- **About this task**:
The goal is a clean copy of all the data below, with pictures dropped and everything else retyped exactly.

- **Data shown**:
____
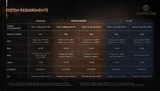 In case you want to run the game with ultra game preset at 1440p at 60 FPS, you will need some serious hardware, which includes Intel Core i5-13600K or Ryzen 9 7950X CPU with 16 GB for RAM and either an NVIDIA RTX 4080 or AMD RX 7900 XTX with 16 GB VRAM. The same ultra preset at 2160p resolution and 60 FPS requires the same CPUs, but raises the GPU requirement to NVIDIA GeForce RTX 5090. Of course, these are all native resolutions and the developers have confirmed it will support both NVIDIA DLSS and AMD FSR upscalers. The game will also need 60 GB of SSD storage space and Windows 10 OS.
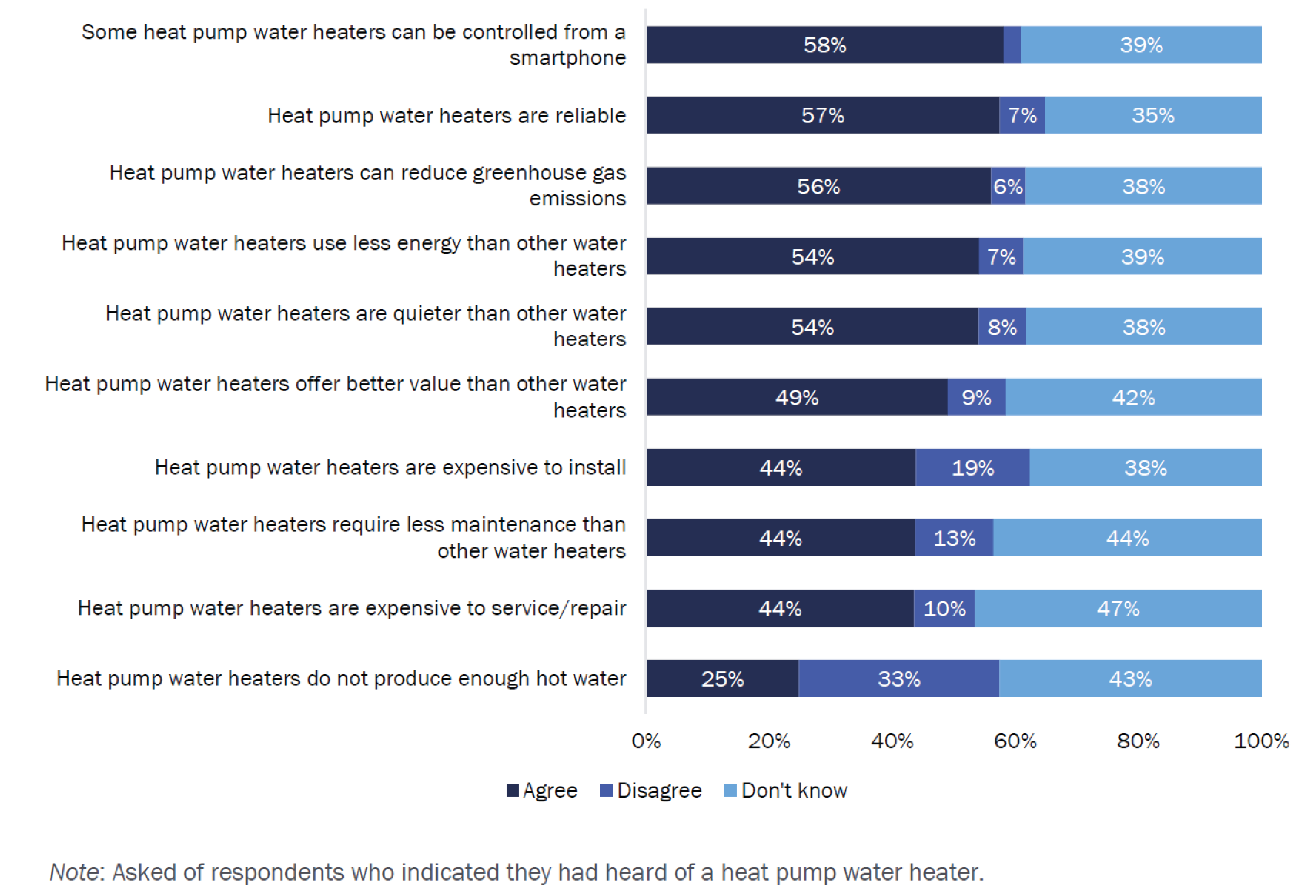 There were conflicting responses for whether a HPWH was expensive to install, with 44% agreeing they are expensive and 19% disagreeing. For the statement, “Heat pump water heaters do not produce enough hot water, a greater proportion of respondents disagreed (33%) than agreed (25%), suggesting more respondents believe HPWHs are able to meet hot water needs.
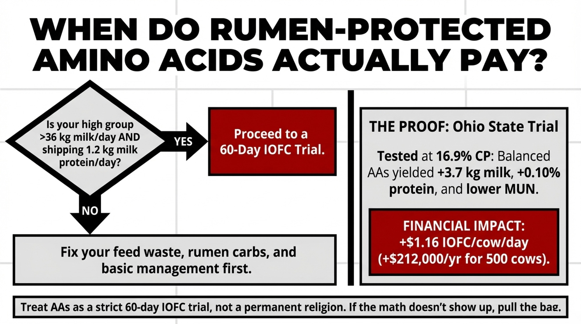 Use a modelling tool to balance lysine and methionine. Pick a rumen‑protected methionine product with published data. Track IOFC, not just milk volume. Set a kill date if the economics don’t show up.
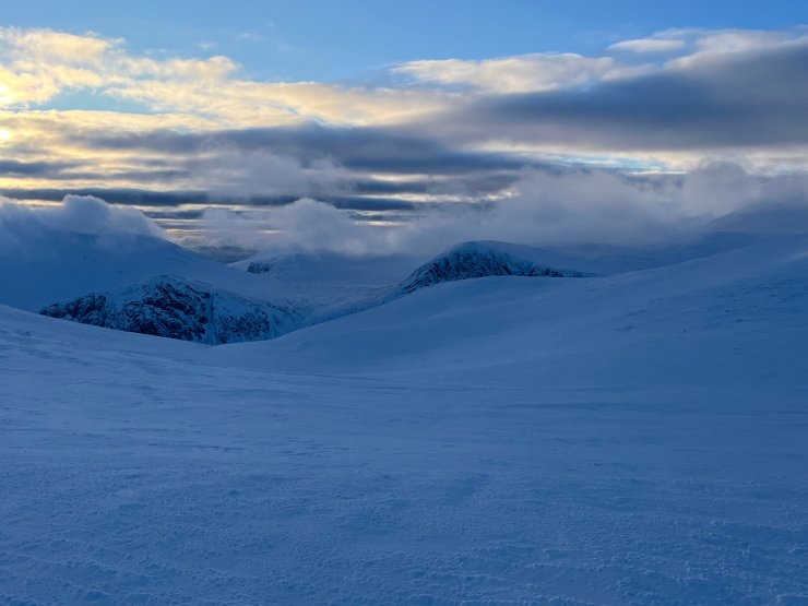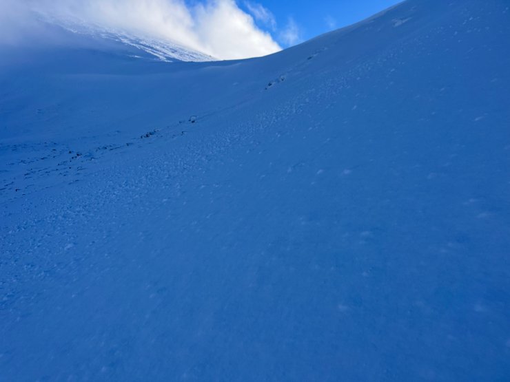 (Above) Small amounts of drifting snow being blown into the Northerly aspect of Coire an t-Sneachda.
____
- **Exercise answer**:
 In case you want to run the game with ultra game preset at 1440p at 60 FPS, you will need some serious hardware, which includes Intel Core i5-13600K or Ryzen 9 7950X CPU with 16 GB for RAM and either an NVIDIA RTX 4080 or AMD RX 7900 XTX with 16 GB VRAM. The same ultra preset at 2160p resolution and 60 FPS requires the same CPUs, but raises the GPU requirement to NVIDIA GeForce RTX 5090. Of course, these are all native resolutions and the developers have confirmed it will support both NVIDIA DLSS and AMD FSR upscalers. The game will also need 60 GB of SSD storage space and Windows 10 OS.
 There were conflicting responses for whether a HPWH was expensive to install, with 44% agreeing they are expensive and 19% disagreeing. For the statement, “Heat pump water heaters do not produce enough hot water, a greater proportion of respondents disagreed (33%) than agreed (25%), suggesting more respondents believe HPWHs are able to meet hot water needs.
 Use a modelling tool to balance lysine and methionine. Pick a rumen‑protected methionine product with published data. Track IOFC, not just milk volume. Set a kill date if the economics don’t show up.
 (Above) Small amounts of drifting snow being blown into the Northerly aspect of Coire an t-Sneachda.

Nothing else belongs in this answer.